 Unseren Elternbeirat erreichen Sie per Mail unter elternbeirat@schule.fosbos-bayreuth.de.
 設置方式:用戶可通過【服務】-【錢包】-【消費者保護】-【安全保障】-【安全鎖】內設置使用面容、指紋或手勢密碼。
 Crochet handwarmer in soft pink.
+++++
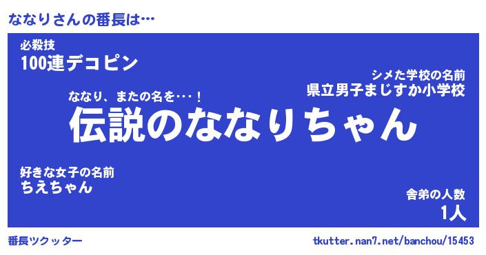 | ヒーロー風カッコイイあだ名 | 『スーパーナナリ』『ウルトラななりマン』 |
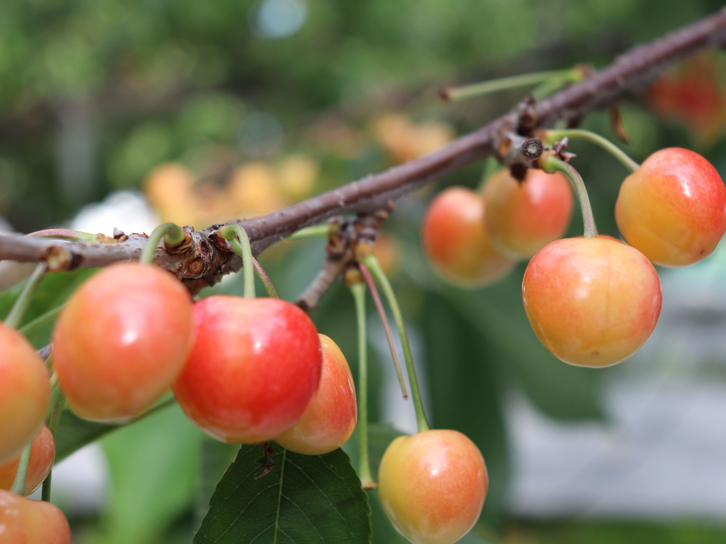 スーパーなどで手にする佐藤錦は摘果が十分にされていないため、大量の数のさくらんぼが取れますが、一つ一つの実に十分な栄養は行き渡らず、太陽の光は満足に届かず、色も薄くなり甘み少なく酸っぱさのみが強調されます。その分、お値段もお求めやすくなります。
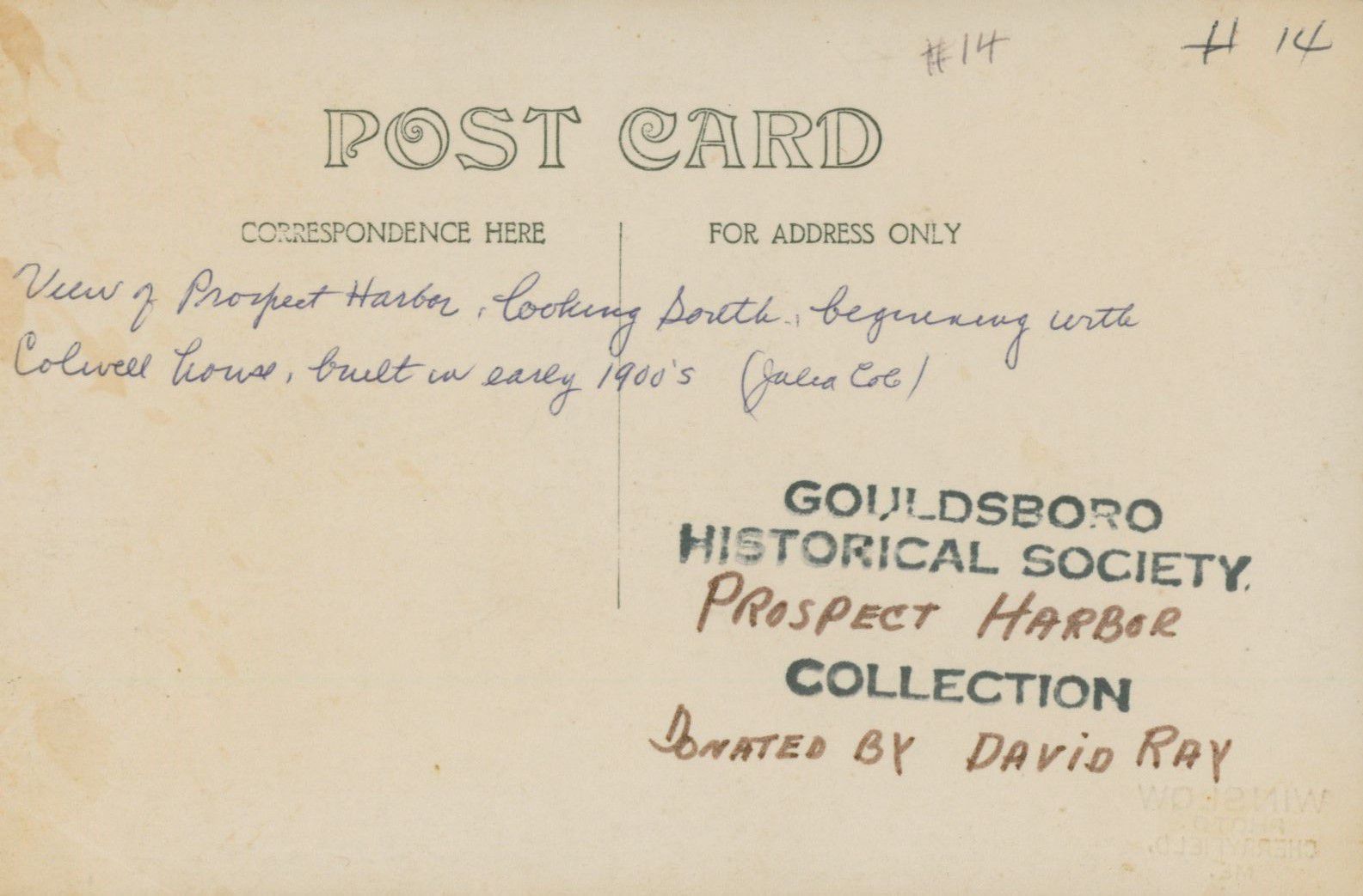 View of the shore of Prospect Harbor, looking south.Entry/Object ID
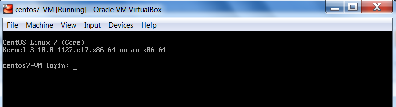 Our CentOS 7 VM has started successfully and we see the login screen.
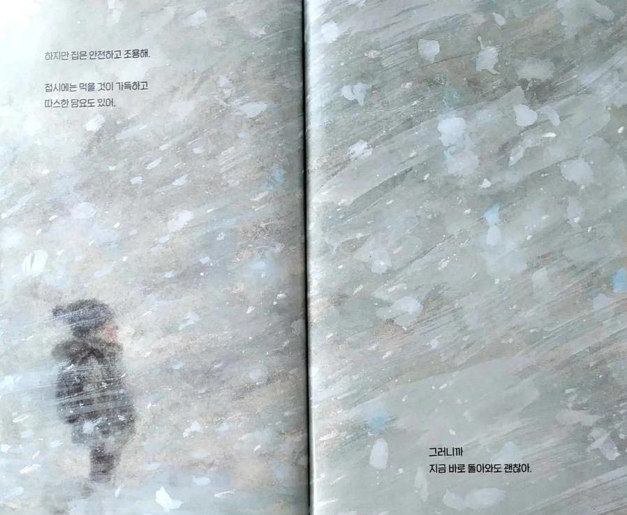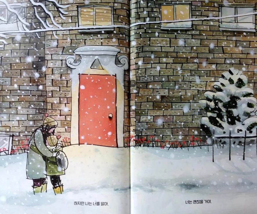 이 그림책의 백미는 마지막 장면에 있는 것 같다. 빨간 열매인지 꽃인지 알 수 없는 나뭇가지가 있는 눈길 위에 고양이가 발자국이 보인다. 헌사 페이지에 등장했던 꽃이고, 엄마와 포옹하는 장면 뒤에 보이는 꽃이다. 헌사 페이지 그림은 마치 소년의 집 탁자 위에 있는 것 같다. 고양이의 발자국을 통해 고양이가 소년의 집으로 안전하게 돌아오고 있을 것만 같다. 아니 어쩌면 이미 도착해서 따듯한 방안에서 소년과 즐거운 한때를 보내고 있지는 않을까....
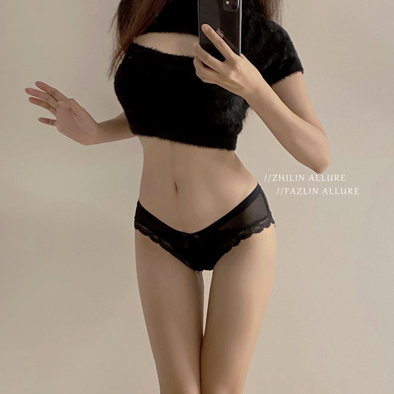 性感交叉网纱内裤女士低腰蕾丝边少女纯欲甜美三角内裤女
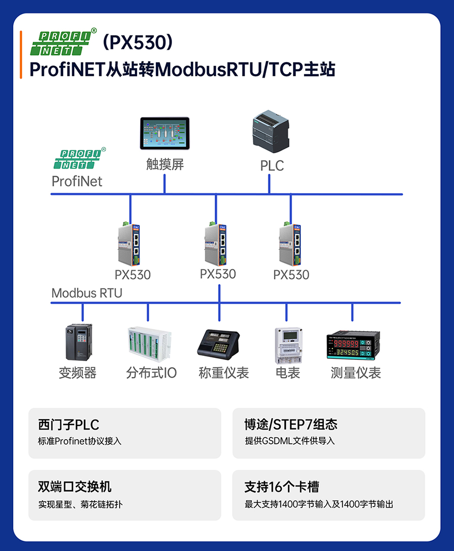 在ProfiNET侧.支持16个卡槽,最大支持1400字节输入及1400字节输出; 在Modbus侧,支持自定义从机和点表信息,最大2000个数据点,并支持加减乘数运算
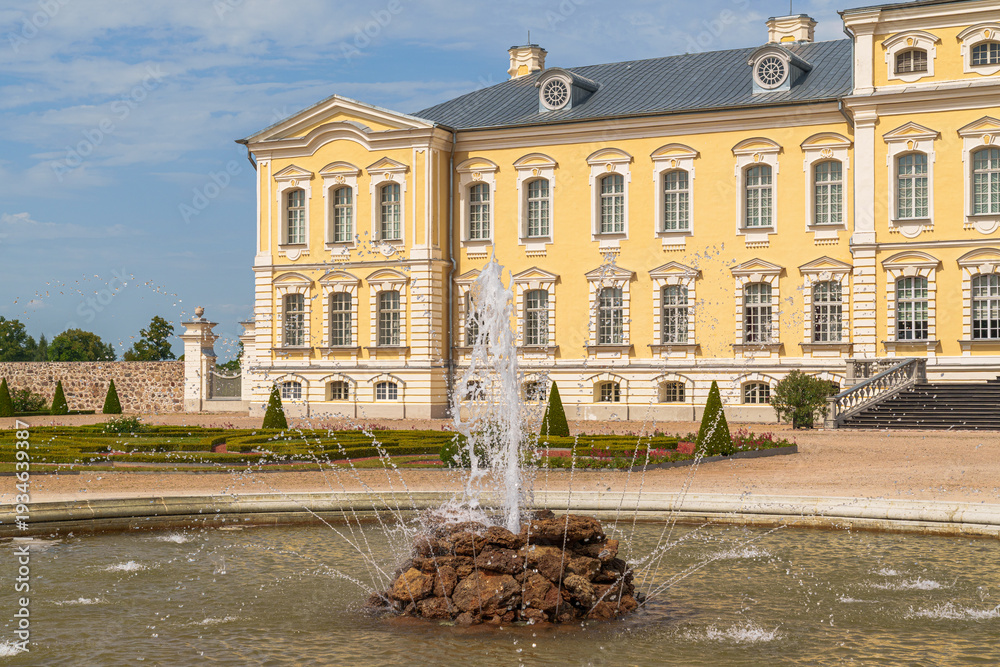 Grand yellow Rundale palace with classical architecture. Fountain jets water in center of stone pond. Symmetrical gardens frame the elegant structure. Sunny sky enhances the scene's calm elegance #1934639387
+++++
*Exercise brief*
Copy range, inclusive: the line holding "Unseren Elternbeirat erreichen" to the line holding "Crochet handwarmer in soft pink.". Reproduce exactly those lines of the records above and no others.

*Exercise response*
 Unseren Elternbeirat erreichen Sie per Mail unter elternbeirat@schule.fosbos-bayreuth.de.
 設置方式:用戶可通過【服務】-【錢包】-【消費者保護】-【安全保障】-【安全鎖】內設置使用面容、指紋或手勢密碼。
 Crochet handwarmer in soft pink.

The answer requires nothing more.